Оказывается, я не прав. Комендантша вызывает криком в темный коридор какого-то полупьяного дядю Петю, который держит меня за руки, пока она звонит в милицию.

– Как ты залез в общежитие? – допрашивает меня уже в райотделе на улице Щербакова сонный сержант. – Через окно?

– Да.

– С целью совершить кражу личного имущества?

– Нет.

– А в морду? – Сержант отрывает взгляд от протокола, который он составляет, и упирается этим бычьим взглядом в мое лицо.

– Меня девушка привела.

– Она тебя первый раз в жизни видит!

– Да, мы только познакомились, и она меня привела в общагу.

– Ну послушай, что ты несешь! Как может девушка первого встречного ночью вести в свою комнату? А?

Я пожимаю плечами. Сержант смотрит на часы – полтретьего. В двери заходит моя мать.

– Что он натворил? – спрашивает со слезами на глазах. – Что ты наделал? Что ты нам жить не даешь! Сволочь! Подонок! Паразит! Тунеядец!

– Успокойтесь, гражданка, – неодобрительно смотрит на нее сержант. – Ваш сын хотел совершить кражу личного имущества из общежития работников овощной фабрики.

Возникает пауза, во время которой в голове моей матери проносятся всевозможные сценарии, и интонация ее меняется.

– Вы поймите! Они же без отца росли. Он погиб на полигоне. Военный, офицер, капитан. У него брат больной, я все время за братом ухаживаю. С работы – домой, из дому – по врачам.

– Понятно, – останавливает ее сержант. – Можно, конечно, обойтись хулиганством, но злостным. Влезть в женское общежитие – это же не окно разбить!

– А ну, выйди в коридор! – командует мне мать.

«Кто здесь сержант?» – думаю я и подчиняюсь.

Через пять минут меня возвращают в кабинет.

– В следующий раз будешь умнее! И будешь думать о последствиях! – говорит мать и уходит.

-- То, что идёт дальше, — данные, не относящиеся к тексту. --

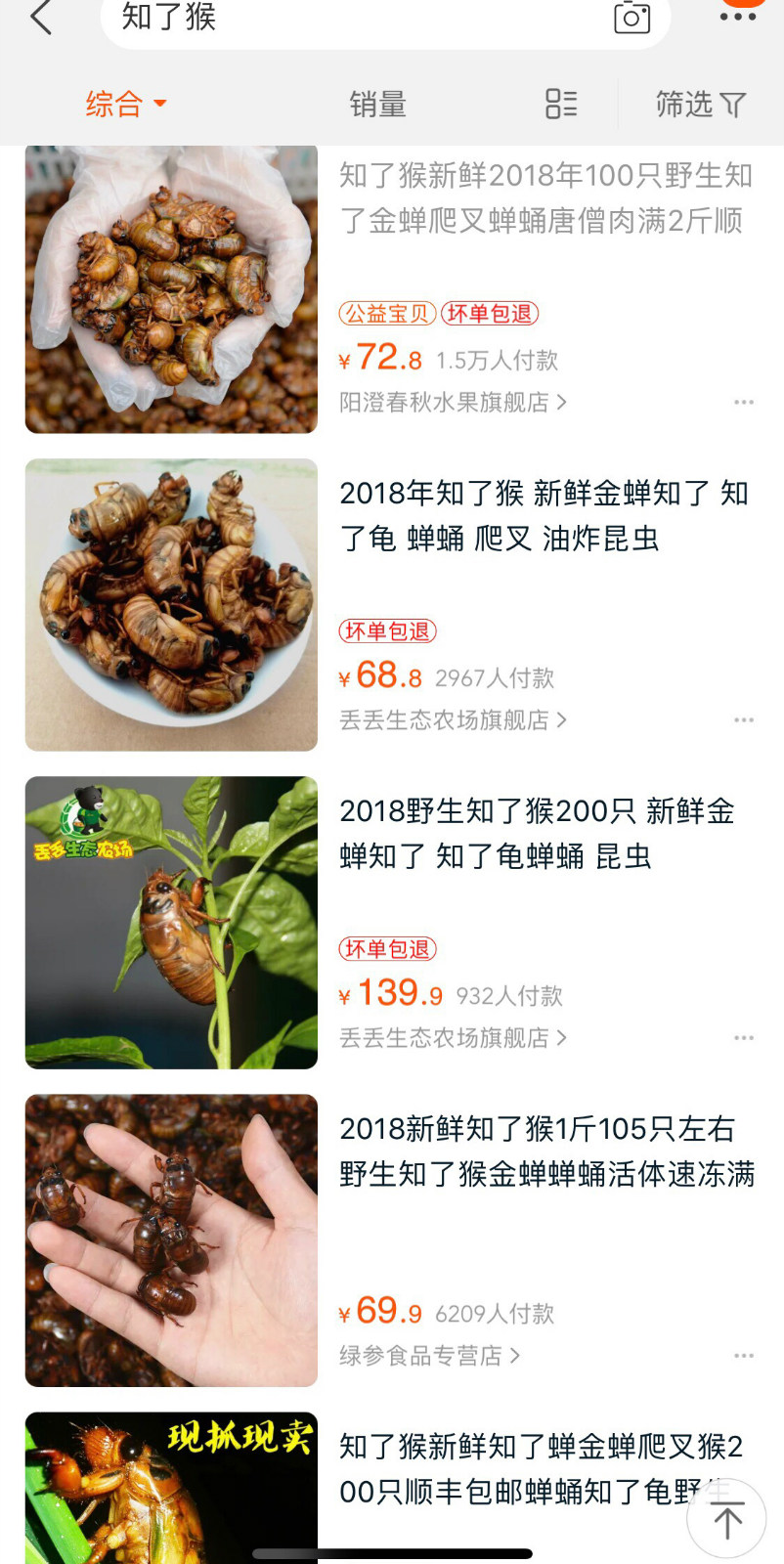 其中一家来自河北的商家阳澄春秋水果天猫旗舰店,销售就占到了整体知了销售的一半,一个月卖出了500多万只知了猴。

А меня оставляют. Я получаю десять суток и десять суток подметаю территорию райотдела. Мою полы на первом и втором этажах. Тайком играю в очко с шестидесятилетним Зямой, получившим пятнадцать суток за то, что нагадил под дверь соседке, написавшей на его двери мелом слово «жид».

25

Киев. Май 2015 года.

– Ну-ка поднимите рубашку, – говорит мне личный врач.

Пришел в мой кабинет и командует. Но я подчиняюсь. Он слушает мое новое сердце. Слушает внимательно. Потом прикладывает хромированный холод стетоскопа к груди. Слушает легкие.

– Веснушки не проходят? – интересуется между делом.

– А разве веснушки могут пройти? – спрашиваю я, уже потерявший надежду очистить от них свою кожу.

– Если они проявление болезни, то могут. Если же нет – то останутся. Природа спонтанного появления веснушек в зрелом возрасте недостаточно изучена.